Board mandate

Unitary board structure

The balance of strategic financial, commercial and healthcare skills on the Board provides a mix of perspectives that bring sufficient depth and independence to our strategic leadership and oversight responsibilities.

- JM Kahn, non-executive Chairman

Non-executive directors are re-elected every three years.


We are committed to and fully endorse the principles of good corporate governance recommended by King III, and set out in the JSE Listings Requirements. Voluntary codes such as the United Nations Global Compact and the recommendations of the Organisation for Economic Co-operation and Development are also considered.
  • The Group has complied with the amended JSE Listings Requirements.
  • The Group has applied all the King III principles.
  • IT governance is properly managed and aligned to business needs and strategy.

We have reviewed King IV and will ensure appropriate reporting in 2017. Our combined assurance framework is being revised to align to the five-level combined assurance model introduced in King IV.

All business units, departments and subsidiaries are required to comply with all applicable legislation and regulations. The legislative landscape is proactively monitored and the Board is kept informed of regulatory changes and non-binding standards, codes and relevant sector developments that could potentially affect the Group. Where required, changes are implemented within defined timelines.

Compliance risk is monitored by the Risk Committee and managed through the compliance framework. During 2016, a governance, compliance, legislative and contractual risk review was undertaken in each business. The review also evaluated the full regulatory environment impacting the Group and the healthcare sector in SA.

Netcare was not subject to any material penalties, fines or criminal prosecutions during the reporting period.

The Group is suitably resourced to manage legal proceedings, claims and actions instituted against it. The Board is of the opinion that there is no legal action that will materially affect the operations of the Group.

Accountability and control

An appropriate system of internal controls is maintained to safeguard and manage Netcare’s assets, minimise losses arising from fraud and/or other illegal acts, and fairly present financial and operational information. Group Internal Audit fulfils an assurance and consulting function, and is mandated to provide independent and objective assurance over this system of internal controls. Group Internal Audit’s activities provide assurance to our stakeholders that Netcare operates in a responsible manner.

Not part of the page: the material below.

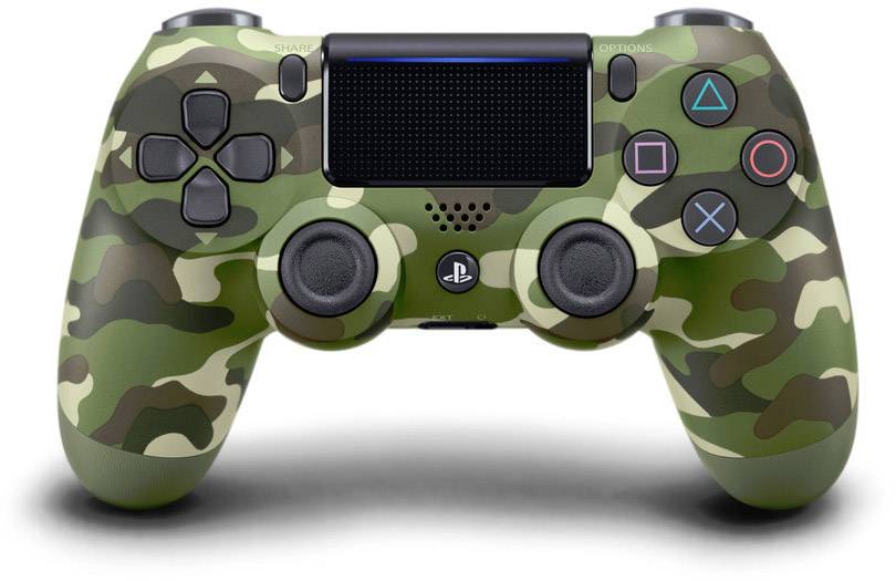 Sony DualShock 4. Gerätetyp: Gamepad, Unterstützte Gamingplattformen: PlayStation 4, Gaming-Kontrolltechnologie: Analog / Digital. Übertragungstechnik: Kabellos, Geräteschnittstelle: Bluetooth, Bluetooth-Version: 2.1+EDR. Batteriekapazität: 1000 mAh, Akku-/Batterietyp: Lithium-Ion (Li-Ion). Produktfarbe: Camouflage, Grün. Gewicht: 210 g, Breite: 162 mm, Tiefe: 52 mm

  • Drives Netcare’s strategy.
  • Accountable to shareholders and other stakeholders for the performance of the Group.
  • Provides effective leadership based on an ethical foundation of responsibility, accountability, fairness and transparency.
  • Endeavours to ensure that Group strategy, risk, performance and sustainability are managed in an integrated way that creates sustainable value for the Group and its stakeholders.
  • Instructs and oversees the organisation’s management and control structure.
  • Sets performance goals, and manages and monitors their achievement.
  • Delegates responsibility for economic, environmental and social issues to governance committees and reviews the management of these issues.

Key activities in 2016

  • Approved the refined strategy for SA.
  • Facilitated the changes required to align to the amended JSE Listings Requirements.
  • Ensured effective governance and risk management processes.
  • Reviewed executive performance and the adherence of governance committees to their Board-approved terms of reference.
  • Ensured that consideration was given to succession planning at Board level.
  • Monitored stakeholder engagement.
  • Considered the restructuring of the rental agreements for 35 BMI Healthcare hospitals in the UK.
  • Considered investment proposals to address growth.
  • Actively contributed to and participated in HMI.

Succession planning

The average age of the Board is 58; therefore succession planning is a key focus area to ensure that skills are retained following the retirement of older members. We seek to balance fresh perspectives from newer members with the experience and institutional knowledge of those with longer tenures.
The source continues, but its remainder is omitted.